On every guest's seat at Louis Vuitton was a single piece of paper with a quote from a famous Susan Sontag essay: "The relation between boredom and camp taste cannot be overestimated," it said. But if Marc Jacobs' Spring show bordered on camp, boring it wasn't—not with all the desirable party clothes he put on the catwalk. Backstage, with glitter all over his face (residue from a hug with Kristen McMenamy, whose torso was painted with black and white zebra stripes), Jacobs was talking about Art Deco, Art Nouveau, orientalism, and the first designer he ever worked for, Kansai Yamamoto. "Basically, I didn't want anything natural," he said. "I wanted everything overly stylized."










Pier Paolo Piccioli and Maria Grazia Chiuri have connected with the in crowd. The studded patent kitten heels from their last collection are among this fashion season's It-est shoes—no small feat, considering the kind of girls we're talking about are used to wearing 110-mm stilettos to lunch. Something about the duo's new take on Valentino's signature elegance looks fresh to the under-35 set, and they're buying. In response, perhaps, the designers' focused Spring collection wasn't so much a step forward as it was a refinement of ideas they proposed for Fall.











Nearly every model on the runway at Paul & Joe was smiling—from "smizes" to the full monty with teeth. Was it the all-flats footwear?
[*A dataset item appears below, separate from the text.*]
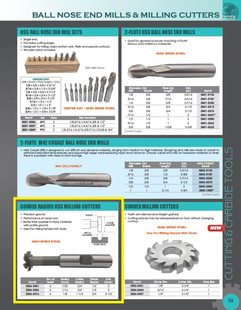 1/32 X 3/4 X 1/2 HIGH SPEED STEEL CONVEX CUTTER (2006-0401). Key features: 1/32 Radius X 3/4 Cutter Diameter X 1/2 Shank Diameter High Speed Steel Convex Cutter; Precision ground.

Or the fact that this was the second-to-last show of a grueling month? The explanation came from designer Sophie Albou. "I like smiley girls!" she exclaimed backstage. "I tell them all to smile."

Those happy expressions were a perfect fit for these giddy-cute clothes. This looked unabashedly like a Spring/Summer collection, a thing of note at a moment in fashion when seasonlessness is the standard. Albou opened up shop recently in Los Angeles—her sole stand-alone U.S. outpost—and while her brand of bohemia isparisienne, these flippy printed minidresses, shrunken bombers, embroidered peasant blouses, and fluttery maxi skirts should do a brisk business on the West Coast.